说之言曰:“学于古训乃有获。”夫谓学于古训者,非谓其通于文辞,讲说于口耳之间,义袭而取诸其外也。获也者,得之于心之谓,非外铄也。必如古训,而学其所学焉,诚诸其身,所谓“默而成之”,“不言而信”,乃为有得也。夫谓逊志务时敏者,非谓其饰情卑礼于其外,汲汲于事功声誉之间也。其逊志也,如地之下而无所不承也,如海之虚而无所不纳也;其时敏也,一于天德,戒惧于不睹不闻,如太和之运而不息也。夫然,百世以俟圣人而不惑,溥博渊泉而时出之,言而民莫不信,行而民莫不悦,施及蛮貊,而道德流于无穷,斯固说之所以为说也。以是为报,虞佐其能以却我乎?孟氏云:“责难之谓恭”。吾其敢以后世文章之士期虞佐乎?颜氏云:“舜,何人也?予,何人也?”虞佐其能不以说自期乎?人还,灯下草草为谢。相去益远,临楮怏悒!
○答方叔贤(辛巳)
承示《大学原》,知用心于此深密矣。道一而已,论其大本大原,则《六经》、《四书》无不可推之而同者,又不特《洪范》之于《大学》而已。此意亦仆平日于朋友中所常言者。

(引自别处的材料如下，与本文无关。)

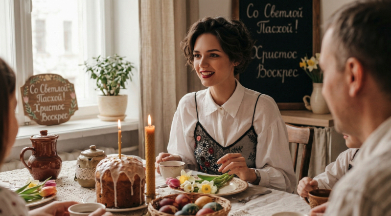 Используй загруженное фото и точно перенеси внешность человека (черты лица, пропорции, цвет кожи и волос 1:1, без искажений). Создай тёплую семейную пасхальную сцену: человек находится за праздничным столом в домашней обстановке. На столе — кулич с белой глазурью, крашеные яйца, свечи, посуда, текстиль. Композиция уютная: человек в центре или немного сбоку, ощущение “живого момента”. Дополнительно: букет весенних цветов или корзина с яйцами. Освещение — мягкое, тёплое, как от окна или лампы, создающее атмосферу дома и спокойствия. Лёгкие блики на посуде, мягкие тени. Цветовая палитра: кремовые, золотистые, пастельные оттенки. Стиль: фотореализм, уютная семейная фотография, высокая детализация, натуральные текстуры, без постановочности. Добавить надпись на русском языке красивым шрифтом: «Со Светлой Пасхой! Христос Воскрес».
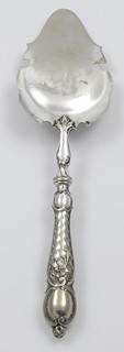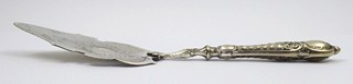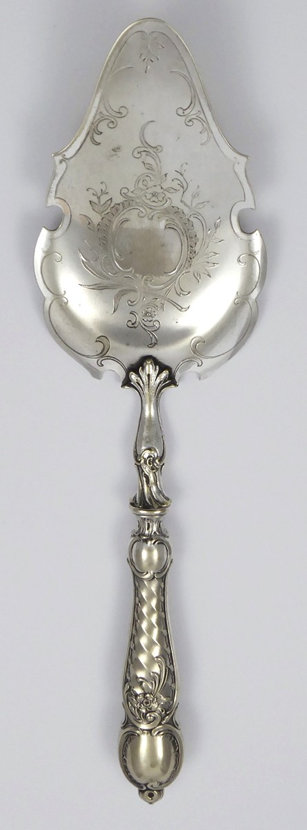 Rakousko-Uhersko, Vídeň 1880 - 1914. Postříbřený kov (alpaka). Celková hmotnost 128,70 g. Firma Albert Köhler & Cie, Wien (filiálka WMF). Délka 30 cm. Stříbřená lopatka na dorty, dezerty a jiné pochutiny bohatě zdobená gravírováním a reliéfně tvarovaným okrajem i rukojetí. Značeno: K & Co.
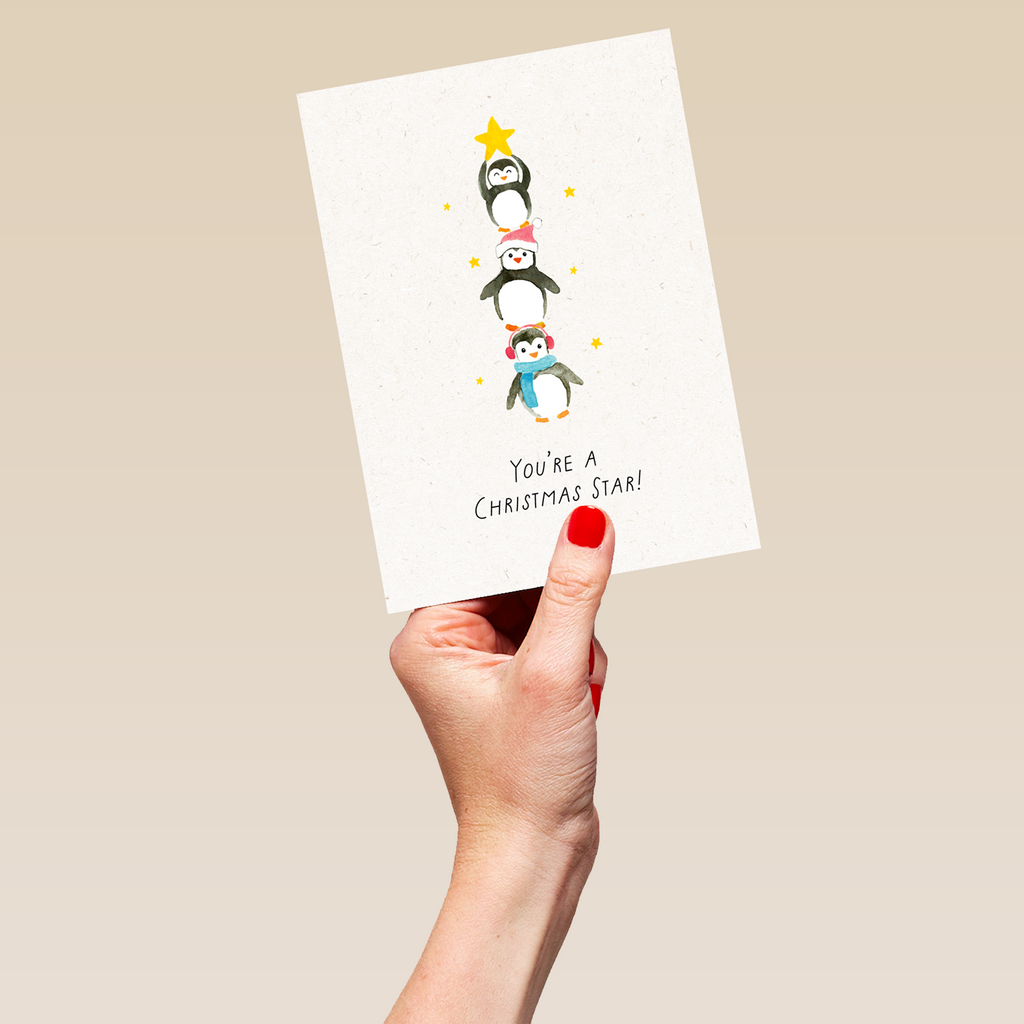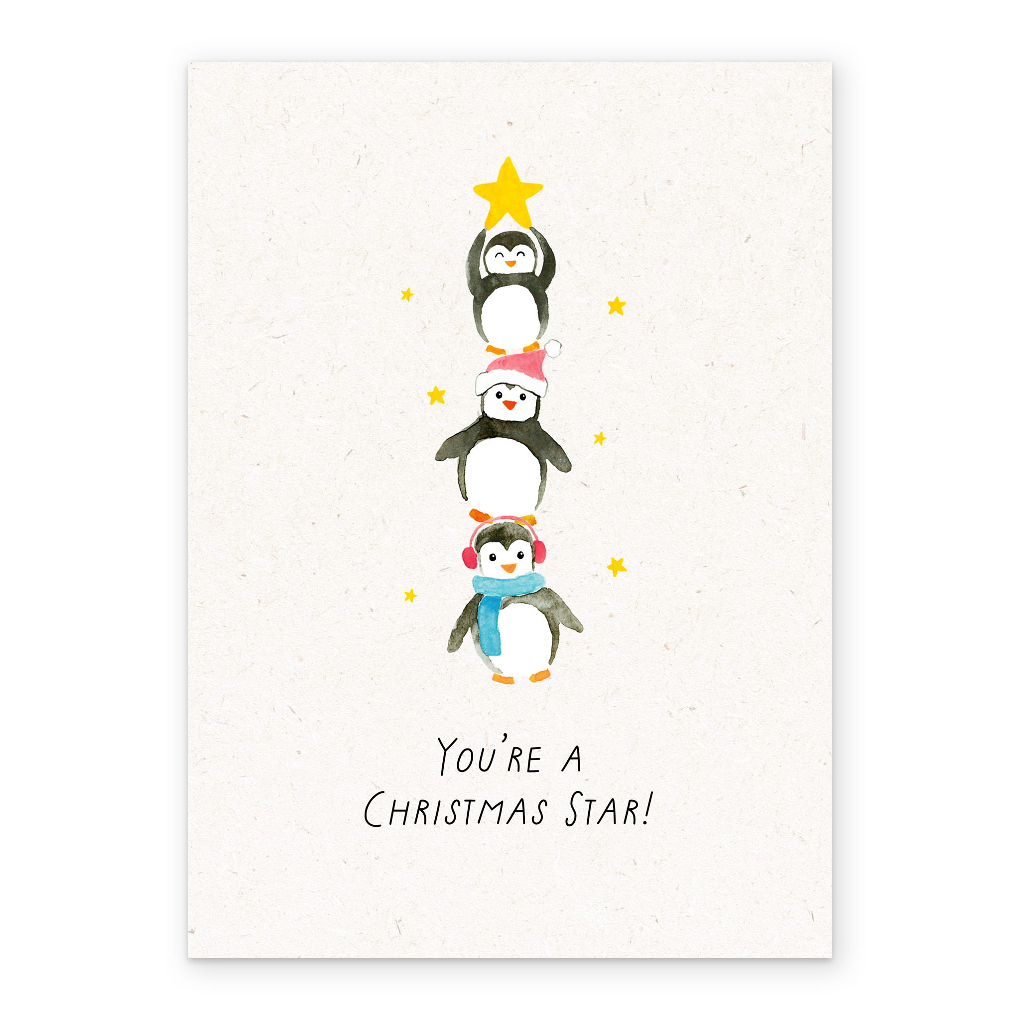 Printed on premium-quality board, this card features an illustration of cute penguins on each others shoulders, with the message 'You're a Christmas star!', and comes complete with a co-ordinating white envelope.
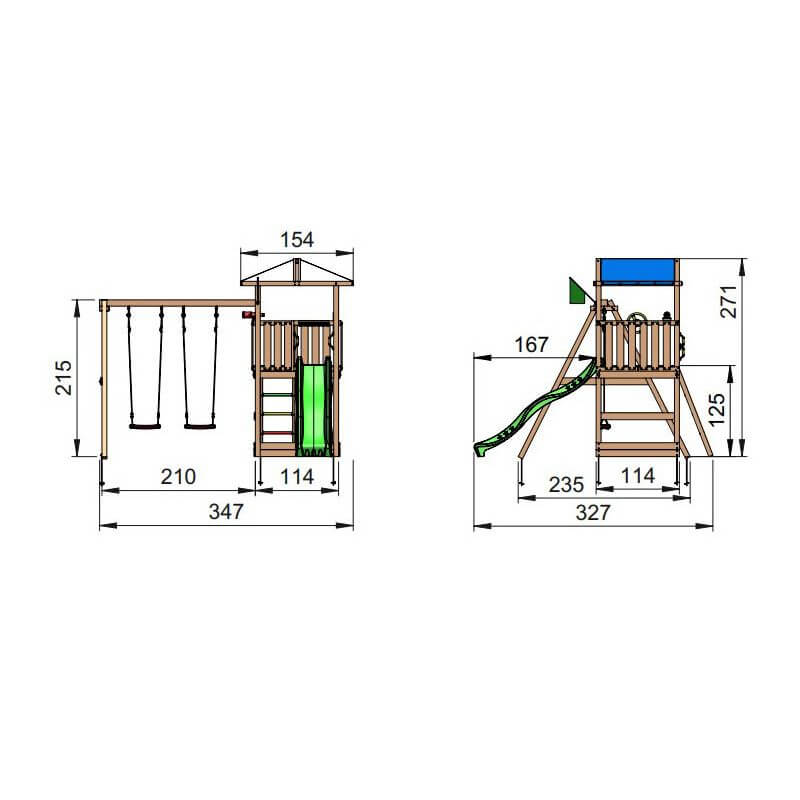 Area exkl. säkerhetsarea gungmodul: B:220 x D:235 x H: 215 cm

譬之草木,其同者,生意也;其花实之疏密,枝叶之高下,亦欲尽比而同之,吾恐化工不如是之雕刻也。今吾兄方自喜以为独见新得,锐意主张是说,虽素蒙信爱如鄙人者,一时论说当亦未能遽人。且愿吾兄以所见者实体诸身,必将有疑;果无疑,必将有得;果无得,又必有见;然后鄙说可得而进也,学之不明几百年矣。近幸同志如甘泉、如吾兄者,相与切磋讲求,颇有端绪。而吾兄忽复牵滞文义若此,吾又将谁望乎?君子论学,固惟是之从,非以必同为贵。至于入门下手处,则有不容于不辩者,所谓毫厘之差千里之谬矣。致知格物,甘泉之说与仆尚微有异,然不害其为大同。若吾兄之说,似又与甘泉异矣。相去远,恐辞不足以达意,故言语直冒,不复有所逊让。近与甘泉书,亦道此,当不以为罪也。
○二(癸未)
此学蓁芜,今幸吾侪复知讲求于此,固宜急急遑遑,并心同志,务求其实,以身明道学。虽所人之途稍异,要其所志而同,斯可矣。不肖之谬劣,已无足论。若叔贤之于甘泉,亦乃牵制于文义,纷争于辩说,益重世人之惑,以启呶呶者之口,斯诚不能无憾焉!忧病中不能数奉问,偶有所闻,因谦之去,辄附此。言无伦次。渭先相见,望并出此。
○与杨仕鸣(辛巳)
差人来,知令兄已于去冬安厝,墓有宿草矣,无由一哭,伤哉!所委志铭,既病且冗,须朋友中相知深者一为之,始能有发耳。
喻及“日用讲求功夫,只是各依自家良知所及,自去其障,扩充以尽其本体,不可迁就气习以趋时好。”幸甚幸甚!果如是,方是致知格物,方是明善诚身。果如是,德安得而不日新!业安得而不富有!谓“每日自检,未有终日浑成片段”者,亦只是致知工夫间断。夫仁,亦在乎熟之而已。又云:“以此磨勘先辈文字同异,工夫不合,常生疑虑。”又何为其然哉?区区所论致知二字,乃是孔门正法眼藏,于此见得真的,直是建诸天地而不悖,质诸鬼神而无疑,考诸三王而不谬,百世以俟圣人而不惑!知此者,方谓之知道;得此者,方谓之有德。异此而学,即谓之异端;离此而说,即谓之邪说;迷此而行,即谓之冥行。虽千魔万怪,眩瞀变幻于前,自当触之而碎,迎之而解,如太阳一出,而鬼魅魍魉自无所逃其形矣。尚何疑虑之有,而何异同之足惑乎!所谓“此学如立在空中,四面皆无倚靠,万事不容染着,色色信他本来,不容一毫增减。若涉些安排,着些意思,便不是合一功夫”,虽言句时有未莹,亦是仕鸣见得处,足可喜矣。但须切实用力,始不落空。若只如此说,未免亦是议拟仿象,已后只做得一个弄精魄的汉,虽与近世格物者症候稍有不同,其为病痛,一而已矣。诗文之习,儒者虽亦不废,孔子所谓“有德者必有言”也。若着意安排组织,未有不起于胜心者,先辈号为有志斯道,而亦复如是,亦只是习心未除耳。仕鸣既知致知之说,此等处自当一勘而破,瞒他些子不得也。
○二(癸未)
别后极想念,向得尚谦书,知仕鸣功夫日有所进,殊慰所期。大抵吾党既知学问头脑,已不虑无下手处,只恐客气为患,不肯实致其良知耳。后进中如柯生辈,亦颇有力量可进,只是客气为害亦不小。行时尝与痛说一番,不知近来果能克去否?书至,来相见,出此共勉之。前辈之于后进,无不欲其入于善,则其规切砥励之间,亦容有直情过当者,却恐后学未易承当得起。既不我德,反以我为仇者,有矣,往往无益而有损。故莫若且就其力量之所可及者诱掖奖劝之。往时亦尝与仕鸣论及此,想能不忘也。
○三(癸未)
前者是备录区区之语,或未尽区区之心,此册乃直述仕鸣所得,反不失区区之见,可见学贵乎自得也。古人谓“得意忘言”,学苟自得,何以言为乎?若欲有所记札以为日后印证之资,则直以己意之所得者书之而已,不必一一拘其言辞,反有所不达也。中间词语,时有未莹,病中不暇细为点检。